- Born: January 1, 1993 (age 33) Toledo, Minas Gerais, Brazil
- Height: 4 ft 11 in (1.50 m)
- Weight: 105 lb (48 kg; 7.5 st)
- Division: Atomweight (2014 - present), Strawweight (2011-2014)

Mixed martial arts record
- Total: 16
- Wins: 11
- By submission: 7
- By decision: 4
- Losses: 5
- By decision: 5

Other information
- Mixed martial arts record from Sherdog

= Herica Tiburcio =

Brazilian mixed martial arts (MMA) fighter

Hérica Tibúrcio (born January 1, 1993) is a Brazilian mixed martial artist who competes in the Atomweight division and she is a former Invicta FC Atomweight Champion.
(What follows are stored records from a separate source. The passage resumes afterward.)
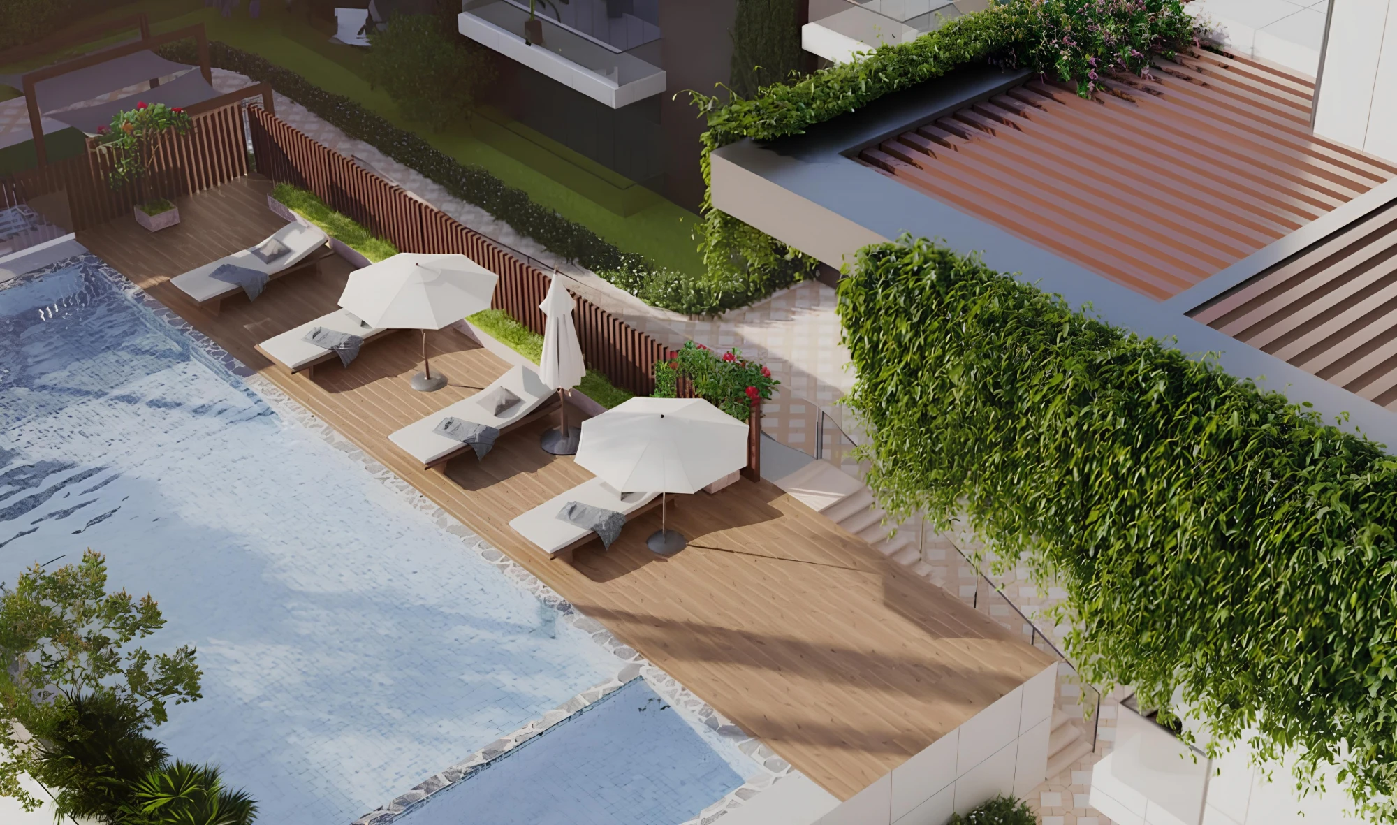 The project consists of 6 levels (G+5) and features studios and 1-, 2-, and 3-bedroom apartments. Each residence is thoughtfully designed with high ceilings, large windows, and quality finishes to create bright, spacious, and inviting interiors.
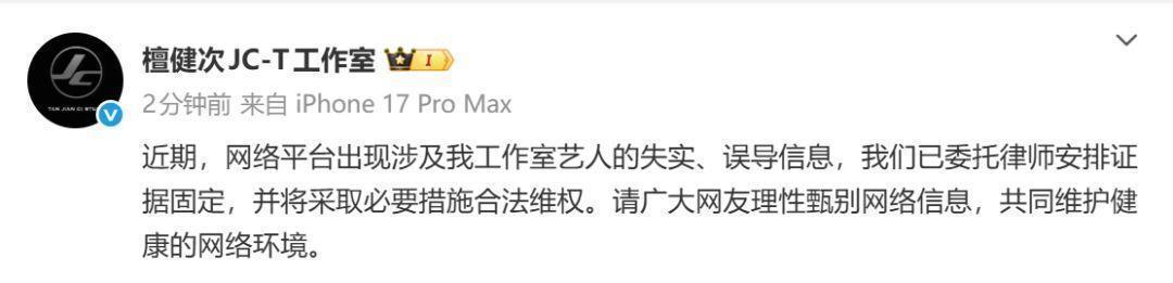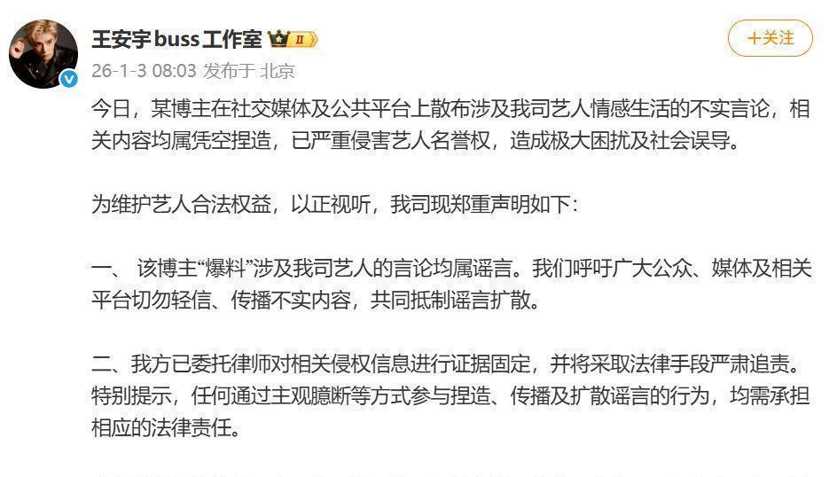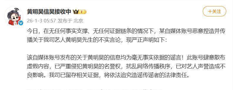林更新那边则比较温和,但也毫不含糊:我们已经取证,律师已经安排上了。如果对方真的身体有病,希望她早日康复,顺便给大家拜个早年。黄明昊的团队态度直接:“关于黄明昊的爆料全是无中生有的谣言,证据我们都留好了,该走法律途径就走。”檀健次工作室也是一样,明确表示要走法务流程,呼吁网友擦亮眼睛,不要随便相信网上的瓜。
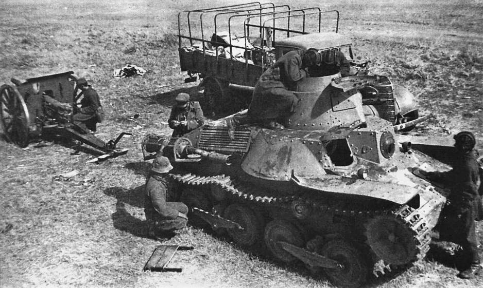 During that attack Soviet troops (11th Tank Brigade and 7th Armored Brigade combined) have lost 37 armored cars out of 59 engaged that day (in other words, 2/3 of armored cars were either disabled or destroyed). There Soviet armored car crews have learned a deadly specifics of BA-6 and BA-10 designs: there was a fuel tank located in the upper part of the hull, above the heads of a driver and machinegunner. When penetrated and ignited, these fuel tanks poured liters of burning fuel, with a very little chance for those two crew members to survive the deadly napalm flow.
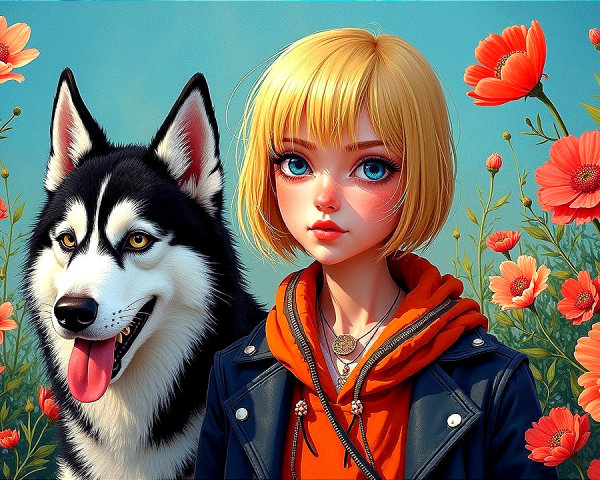 An action-packed scene featuring a woman leaping towards a helicopter with mountains in the background under a clear blue sky.
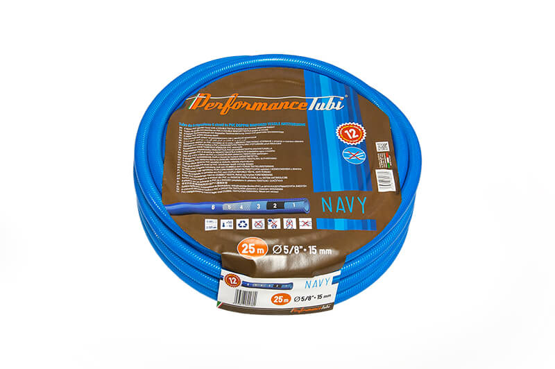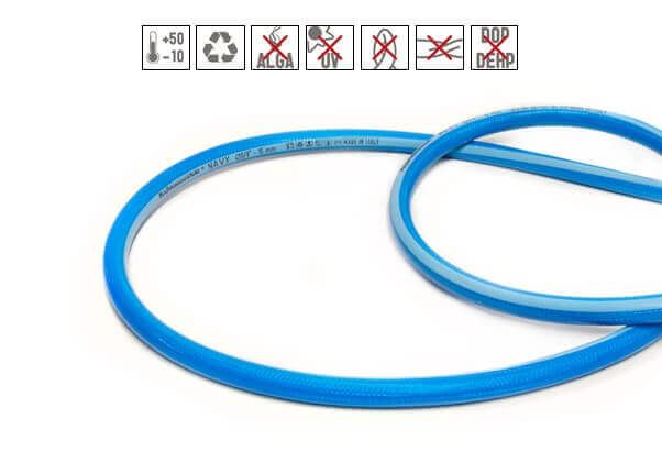 Wąż NAVY zbudowany jest z elastycznego PCV. Konstrukcja węża wzmocniona została siatką tekstylną. Wąż dla żeglarzy. Szczególnie polecany do mycia kadłubów jachtów oraz pokładów jachtów. Odpowiedni również do innych wymagających zastosowań. Zapobiega skręcaniu i załamaniu, jest odporny na mikroorganizmy oraz drobnoustroje. Warstwa zewnętrzna węża odporna jest na promieniowanie UV. NAVY to bardzo wytrzymały wąż, przystosowany do długotrwałej pracy na powietrzu. Producent daje dwunastoletnią gwarancję użyteczności produktu.
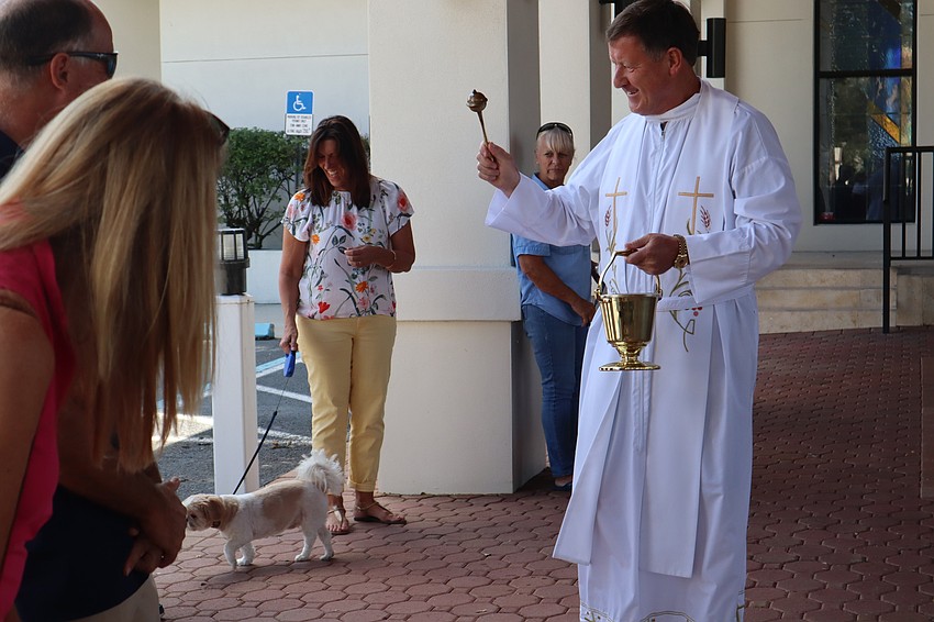 Afterwards, Fr. Cannon sprinkled holy water on each pet and its owners.
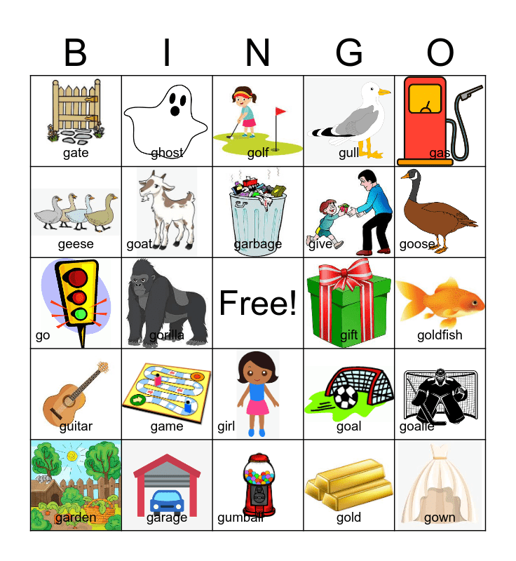 This bingo card has 24 images, a free space and 24 words: game, garage, garbage, garden, gas, gate, geese, ghost, gift, girl, give, go, goal, goalie, goat, gold, goldfish, golf, goose, gorilla, gown, guitar, gull and gumball.
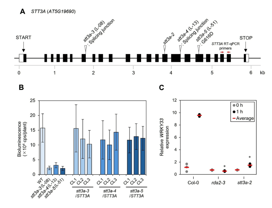 Plants recognize pathogen-associated molecular patterns (PAMPs) via pattern recognition receptors, leading to the activation of pattern-triggered immunity in response to pathogen attack. Phytophthora infestans ceramide D (Pi-Cer D) is a sphingolipid from the oomycete pathogen P. infestans. Pi-Cer D is cleaved by the plant extracellular ceramidase NEUTRAL CERAMIDASE 2 (NCER2), and the resulting 9-methyl-branched sphingoid base is recognized by the plant receptor RESISTANT TO DFPM-INHIBITION OF ABSCISIC ACID SIGNALING 2 (RDA2) at the plasma membrane to transduce a defense signal. However, additional components are likely involved in sphingolipid recognition, which remain to be identified. Here, we employed a screen based on Lumi-Map technology to look for Arabidopsis (Arabidopsis thaliana) mutants with altered defense responses to Pi-Cer D. We identified three mutants showing diminished responses to Pi-Cer D and elf18, each carrying mutations in STAUROSPORIN AND TEMPERATURE SENSITIVE 3-LIKE A (STT3A), which encodes an oligosaccharyltransferase. The stt3a mutants exhibited higher susceptibility to the pathogen Colletotrichum higginsianum than the wild type. In stt3a mutants, the molecular mass of NCER2 and RDA2 proteins appeared smaller, indicating STT3A is involved in post-translational modification of the proteins. Enzymatic deglycosylation assay revealed that NCER2 and RDA2 are N-glycosylated. These findings suggest that STT3A contributes to plant immunity via post-translational modification of proteins including NCER2 and RDA2.
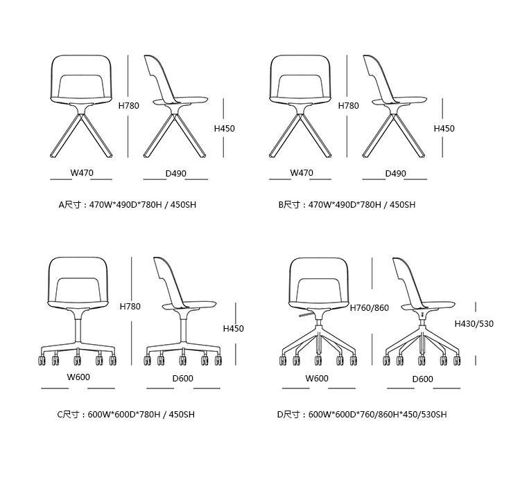 C:600W*600D*780H / 450SH
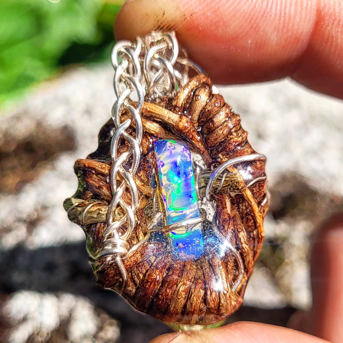 Adjustable cotton string included. A magical one of a kind spiritnest, Fire opal nested in Douglas Fir, braided silver for the hanger of the pendant.
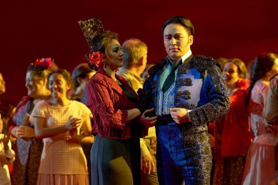 Sevilla, 18 y 21-VI-2025 Teatro de la Maestranza. Georges Bizet: Carmen, ópera dramática en cuatro actos con música de Georges Bizet y libreto en francés de Ludovic Halévy y Henri Meilhac, basado en la novela homónima de Prosper Mérimée. Maria Kataeva/Gabriela Flores (Carmen), Piero Pretti/Alejandro del Cerro (Don José), Giuliana Gianfaldoni/Maria Miró (Micaela), Dalibor Jenis/Badral Chuluunbaatar (Escamillo), Mercedes Arcuri (Frasquita), Anna Gomà (Mercedes), Javier Castañeda (Zúñiga), Alejandro Sánchez (Morales), Pablo García-López (Remendado), Pablo Gálvez (Dancaire). Escolanía de Los Palacios. Coro del Teatro de la Maestranza (Iñigo Sampil, director del coro). Real Orquesta Sinfónica de Sevilla. Jacques Lacombe/Salvador Vázquez dirección musical. Emilio Sagi, dirección escénica. Producción del Auditorio de la Diputación de Alicante, ADDA.
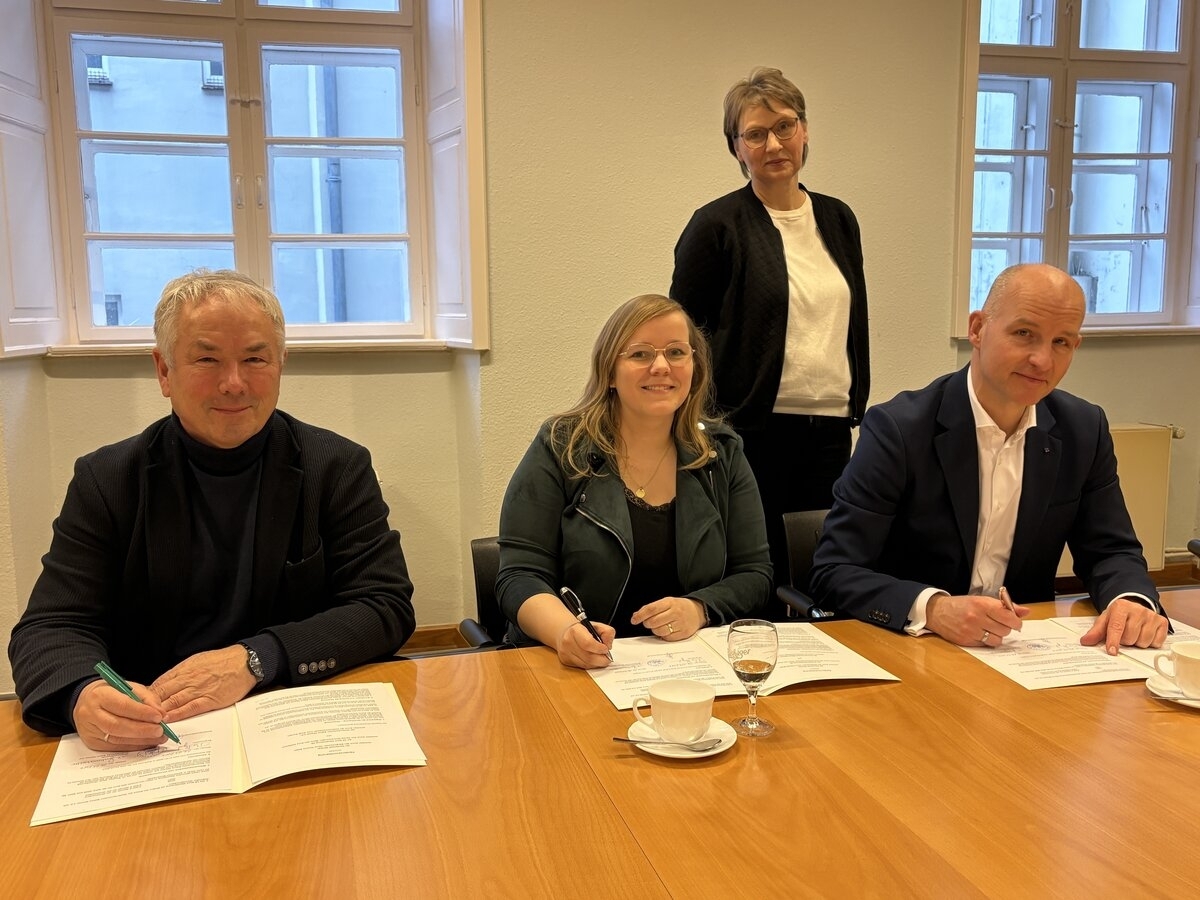 Am 26. Januar 2026 haben Bürgermeister Thomas Beyer, Jan-Arne Hoffmann, Vorstandsvorsitzender der VR Bank Mecklenburg eG, und Juliane Wolter, zweite Vorsitzende der Niederdeutschen Bühne Wismar e.V., im Rathaus der Hansestadt Wismar einen Vertrag zur Förderung der Niederdeutschen Bühne Wismar für die Jahre 2026 und 2027 unterzeichnet.

Also, she is the youngest champion in the history of the organization at the age of 21 after winning the title in her very first fight in the promotion, outside of her native Brazil and at Atomweight.

Tibúrcio's first title defense took place at Invicta FC 13: Cyborg vs. Van Duin on July 10, 2015 against Ayaka Hamasaki. Tibúrcio lost the fight via split decision.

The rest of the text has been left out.